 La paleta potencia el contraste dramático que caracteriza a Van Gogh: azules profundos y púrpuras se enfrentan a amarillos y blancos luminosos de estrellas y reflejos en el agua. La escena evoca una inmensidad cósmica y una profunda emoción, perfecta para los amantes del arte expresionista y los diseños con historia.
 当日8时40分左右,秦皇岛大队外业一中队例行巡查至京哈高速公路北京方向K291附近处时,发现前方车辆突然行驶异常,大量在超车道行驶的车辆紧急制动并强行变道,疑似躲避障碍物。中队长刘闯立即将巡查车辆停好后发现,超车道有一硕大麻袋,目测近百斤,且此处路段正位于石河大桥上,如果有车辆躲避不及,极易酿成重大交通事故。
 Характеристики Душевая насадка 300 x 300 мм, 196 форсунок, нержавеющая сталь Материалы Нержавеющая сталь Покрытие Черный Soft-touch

********************

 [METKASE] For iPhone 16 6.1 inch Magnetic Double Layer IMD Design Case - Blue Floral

********************

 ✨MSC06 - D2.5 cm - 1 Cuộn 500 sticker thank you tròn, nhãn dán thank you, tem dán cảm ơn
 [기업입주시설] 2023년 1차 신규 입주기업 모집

********************

| PROBLEM REQUIREMENTS |
Output the lines above exactly, but only those between the line holding "La paleta potencia" and the line holding "Характеристики Душевая насадка", inclusive.

| TASK ANSWER |
 La paleta potencia el contraste dramático que caracteriza a Van Gogh: azules profundos y púrpuras se enfrentan a amarillos y blancos luminosos de estrellas y reflejos en el agua. La escena evoca una inmensidad cósmica y una profunda emoción, perfecta para los amantes del arte expresionista y los diseños con historia.
 当日8时40分左右,秦皇岛大队外业一中队例行巡查至京哈高速公路北京方向K291附近处时,发现前方车辆突然行驶异常,大量在超车道行驶的车辆紧急制动并强行变道,疑似躲避障碍物。中队长刘闯立即将巡查车辆停好后发现,超车道有一硕大麻袋,目测近百斤,且此处路段正位于石河大桥上,如果有车辆躲避不及,极易酿成重大交通事故。
 Характеристики Душевая насадка 300 x 300 мм, 196 форсунок, нержавеющая сталь Материалы Нержавеющая сталь Покрытие Черный Soft-touch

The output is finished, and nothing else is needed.